Август на юге Сахалина самый жаркий месяц. День был переполнен солнцем, в порту выли и лязгали раскалённые краны, горячий воздух поднимался от бетонных плит причала, и Фридрих, всходя с Галкиным на пароход, качался от жары и похмелья. На нём была чёрная рубашка с длинными рукавами, подаренная когда-то Анечкой, мятые брючки без ремня; черноволнистые, наполовину уже седые, волосы были нечёсаны и нестрижены; по коричневому от загара, складчатому от морщин, как у пинчера, лицу стекал пот.
Человек в бело-золотой форме, который стоял у трапа в пароходной тени и проверял билеты и паспорта, сочувственно оглядел этого маленького худосочного пассажира, всклокоченного и улыбающегося извилистой насильственной улыбкой. Паспорт у Фридриха был уже не красный, а почти чёрный — от грязи и пота; он весь гнулся и коробился, напоминая сохнущую арбузную корку. Засовывая эту гнутую корку в карман, Фридрих, в свою очередь, сочувственно посмотрел на бело-золотого пароходного служащего, думая о том, что “вот этому человеку я, пожалуй, доставлю сегодня много хлопот…”
Спускаясь по винтовой лестнице, крутизна которой, неожиданно открывшаяся под ногами, вызвала у него сильное головокружение, Фридрих чувствовал особенный корабельный запах и вместе с ним разлитое всюду ощущение приятной опасности — корабельное нутро было набито разными железками и механизмами, трубами, вентилями, под палубой скрывалось мёртвое пока ещё машинное отделение. “Пароход — очень удобное место для самоубийства”, — подумал Фридрих.
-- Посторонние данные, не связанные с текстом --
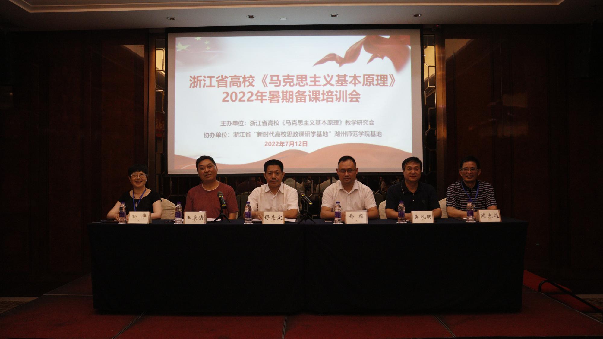 会议由浙江省高校《原理》教学研究会会长王来法教授主持。湖州师范公司副董事长舒志定,浙江省委宣传部理论处处长郑毅,浙江省高校《原理》教学研究会副会长周光迅、杨华,研究会秘书长肖香龙出席开幕式。来自浙江省内45所高校的70余位专家、学者、教师代表参会。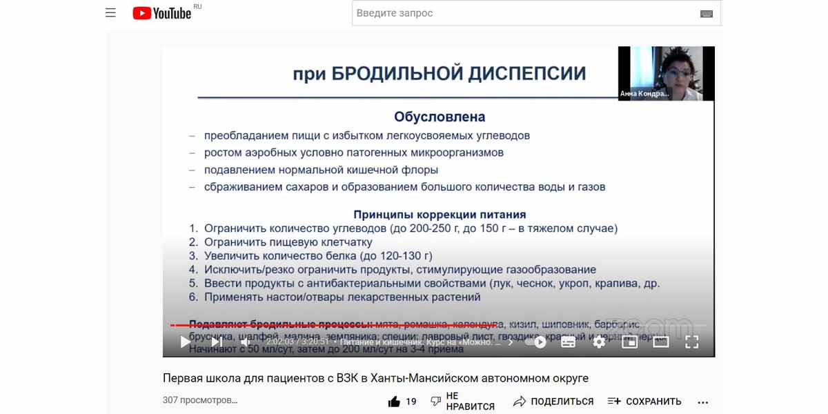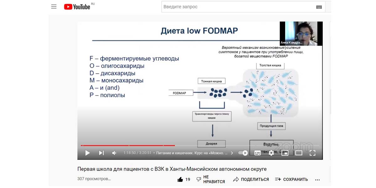 Кондратьева Анна Михайловна - главный внештатный специалист диетолог Минздрава России в УрФО, главный внештатный специалист диетолог Департамента здравоохранения ХМАО-Югры; врач-терапевт, диетолог БУ ХМАО – Югры «Сургутская клиническая травматологическая больница», к.м.н. Специалист подробно рассказала о подходе к питанию при ВЗК, сделав акцент на том, что блюда могут быть не только полезными, но и вкусными.

Войдя в каюту, он совершенно обессилел и, оглядев её без всякого интереса, сел на одну из нижних коек, сразу же отодвинувшись подальше внутрь, в тень. В иллюминатор жарило солнце, и блики его летали по каюте, отражаясь от внутренней поверхности двери, коричневой и лаковой, как в поезде. Рядом с собой Фридрих бросил полиэтиленовый пакет с ярким рисунком, вылинявшим от потных ладоней, в которых он, неся, сжимал пакет за горловину, словно мешок. В пакете как попало лежали вещички: полпачки “Беломора”, какое-то бельё, зубная щётка, станок для бритья и вскрытая упаковка маслянисто-чёрных лезвий “Нева”.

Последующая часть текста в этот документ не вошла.